In 1815–18, as commander of the brig Bornholm, he was initially sent to the Mediterranean where he concluded a peace treaty with Tripoli. He then continued to the Danish West Indies where he strengthened the defence of the islands through the acquisition of the schooners Macaria and St. Thomas.

Back in Copenhagen, on 17 October 1822, he was appointed as interim governor of Tranquebar. He departed from Copenhagen on 7 November on board the Nymphen and arrived in Tranquebar on 6 June 1923. He was dismissed on 8 May 1924. In October, he was in Calcutta. He left the post as governor on 7 March 1825. He returned to Copenhagen on 23 March by way of Madras and England.

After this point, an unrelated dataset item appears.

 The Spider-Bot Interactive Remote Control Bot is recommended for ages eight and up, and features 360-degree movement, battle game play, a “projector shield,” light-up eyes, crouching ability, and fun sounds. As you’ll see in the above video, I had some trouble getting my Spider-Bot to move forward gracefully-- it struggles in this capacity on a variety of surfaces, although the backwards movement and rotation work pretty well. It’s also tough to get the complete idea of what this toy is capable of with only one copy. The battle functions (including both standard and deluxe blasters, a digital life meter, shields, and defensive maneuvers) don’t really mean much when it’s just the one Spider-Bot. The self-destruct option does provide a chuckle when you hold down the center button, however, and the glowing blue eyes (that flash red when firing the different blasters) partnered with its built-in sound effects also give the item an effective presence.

In 1829, he was appointed as 3rd Member (3. Deputeret og 1834 2. Deputeret) in the admiralty college. He was the same year appointed as commander of the ship of the line Dronning Marie. In 1833, he was appointed as director of the Royal Danish Naval Hospital in Copenhagen. He remained in both positions until the end of his active service in 1846.

==Personal life==
Schønheyder was married on 10 April 1814 to Christiane Clausine
Hansen (1792-1859). She was the daughter of bishop Peder
Hansen (1746-1810) and Abeline Marie Marie Clausen (1752-1796). They were parents of two daughters and two sons. The younger of the two sons Christian Wilhelm Schønheyder (1820-1877) joined the navy where he reached the rank of commodore. The younger of the two daughters Antonia Augusta Schønheyder (1816-1885) married the naval officer Oluf Vilhelm Wilhelm de Fine Skibsted (1714-1781).

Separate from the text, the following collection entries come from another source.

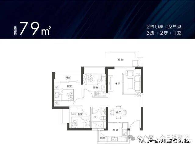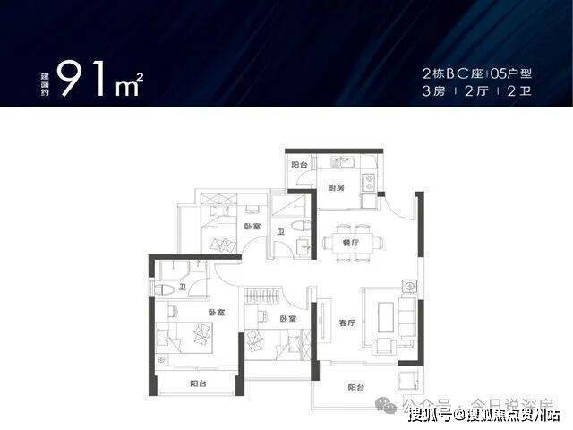 91㎡的3房2厅2卫,设计的经典竖厅格局,客厅主卧双阳台设计,厨房也带小阳台,三开间朝南,客厅朝西南向,有1个2栋D座03户型非常类似,客厅朝东北向
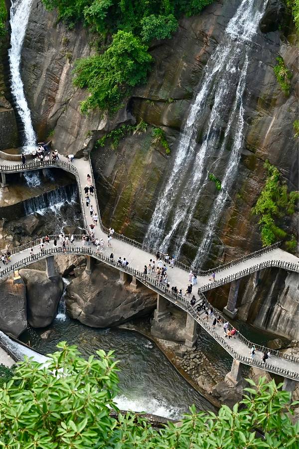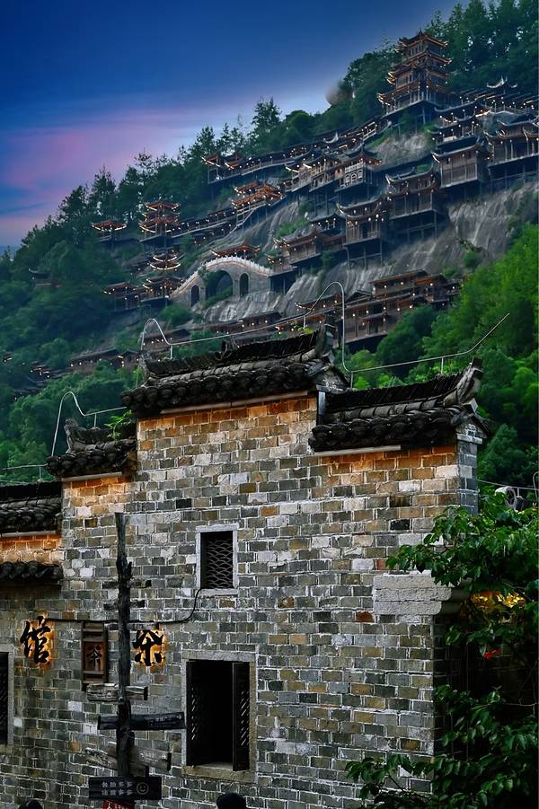 ▲悬崖民宿群+百尺飞瀑!汉服拍照圣地,傍晚悬崖栈道亮灯时,仿佛《苍兰诀》场景还原
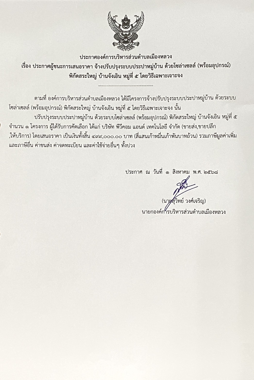 ประกาศองค์การบริหารส่วนตำบลเมืองหลวง เรื่อง ประกาศผู้ชนะการเสนอราคา จ้างปรับปรุงระบบประปาหมู่บ้าน ด้วยโซล่าเซลล์(พร้อมอุปกรณ์) พิกัดสระใหญ่ บ้านจังเ
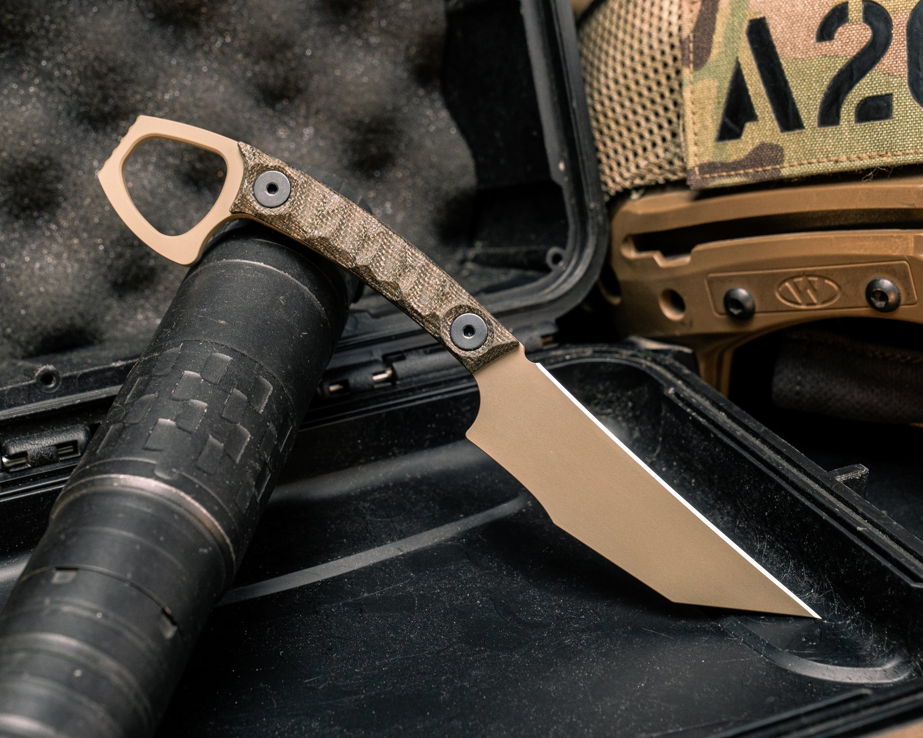 Blade designed by Special Operators for easy carry and easy access in plate carrier or in low vis situations, for pushing or stab and slash movements.
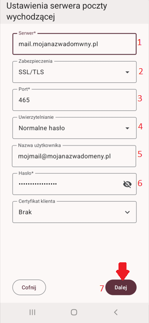 6 Hasło – wpisujemy aktualne hasło do konta pocztowego
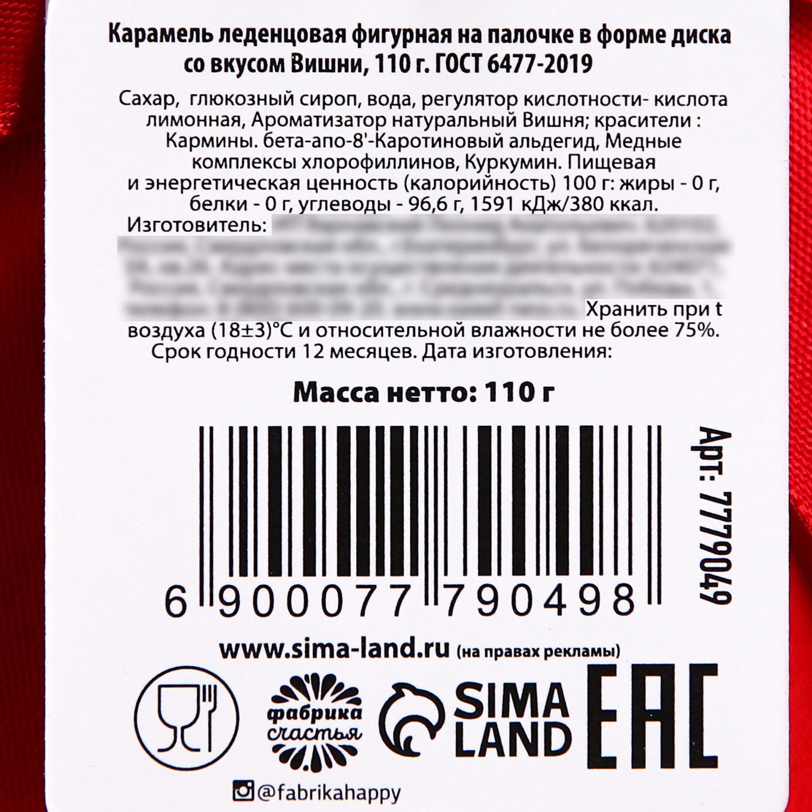 Леденец новогодний на палочке "Почувствуй вкус праздника", вкус: вишня, 110 гр, Фабрика счастья, Россия

Schønheyder and his wife resided at Kronprinsessegade 40 in Copenhagen at the 1840 census. Schønheyder's elder brother, Johan Franciscus Gottlieb Schønheyder (1773-1850), director of Rentekammeret, lived a few houses down the street at Kronprinsessegade 28.

Schønheyder died on 21 April 1858.

==Awards==
On 11 June 1824, Schønheyder was created a Commander of the Order of the Dannebrog. He was awarded its Grand Cross in 1841.